Distillations magazine

Unexpected Stories from Science’s Past
October 17, 2015 Early Science & Alchemy

Tryals and Tribulations

Doctors battle for supremacy in the 17th century.

About SUPPORT OUR WORK

On the night of February 1, 1685, King Charles II went to bed at Whitehall Palace in London with a sore foot. The next morning he could barely speak, and while a servant tried to shave him, he collapsed—rendered temporarily unconscious by a seizure. Within hours more than a dozen doctors from the Royal College of Physicians arrived at the palace. One physician slashed the king’s arm open with a knife, taking 16 ounces of blood. Others fed him a raft of different concoctions, including one made from ground-up human skulls. Doctors administered enema after enema to purge Charles’s stomach and bowels, and then burned the king with scalding hot cups and irons that left his body covered in blisters. The remedies continued until the king died on February 6, 1685.

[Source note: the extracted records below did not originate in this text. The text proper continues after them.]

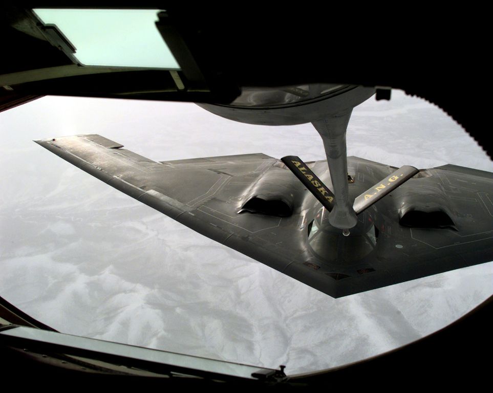 Size: (67 KB) Type: JPEG Comment: B-2A Spirit bomber and a KC-135R Stratotanker rendezvous over Alaska. |
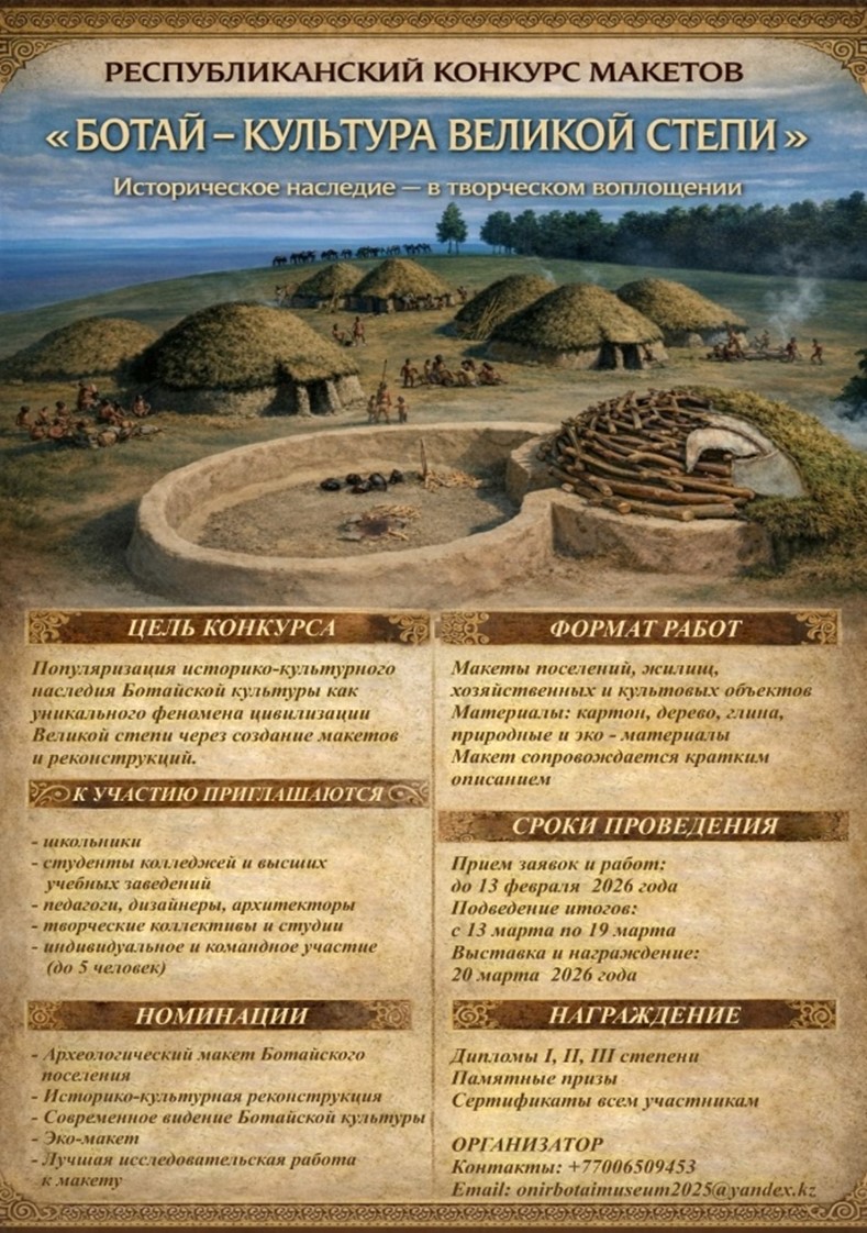 С 20 января по 20 марта, РГКП «Государственный историко- культурный музей - заповедник «Ботай» организует республиканский конкурс макетов
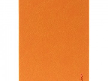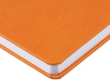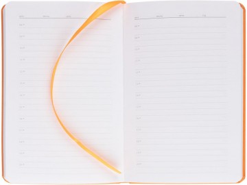 Ежедневник с твердой обложкой, выполнен из материала Latte, оранжевый ОО, дополнен ляссе в цвет обложки.

Such treatments may strike us today as torturous, but for the king’s doctors these practices were standard. Like other 16th- and 17th-century physicians trained at elite universities, these men followed the teachings of ancient Greek philosophers, including Aristotle and Galen of Pergamon, who lived in the 2nd century. Galenics, as these doctors called themselves, believed that human health was dictated by the balance and imbalance of four bodily fluids—yellow bile, black bile, blood, and phlegm—known as humors. Much earlier Hippocrates, a Greek physician, had applied the theory of four elements (air, fire, water, earth) to human health by assigning each one to a bodily fluid; Galen expanded this theory into the humors. When a person took ill, the Galenics believed a cure could be found by rebalancing the humors through diet and exercise, as well as through bleedings, burnings, and enemas.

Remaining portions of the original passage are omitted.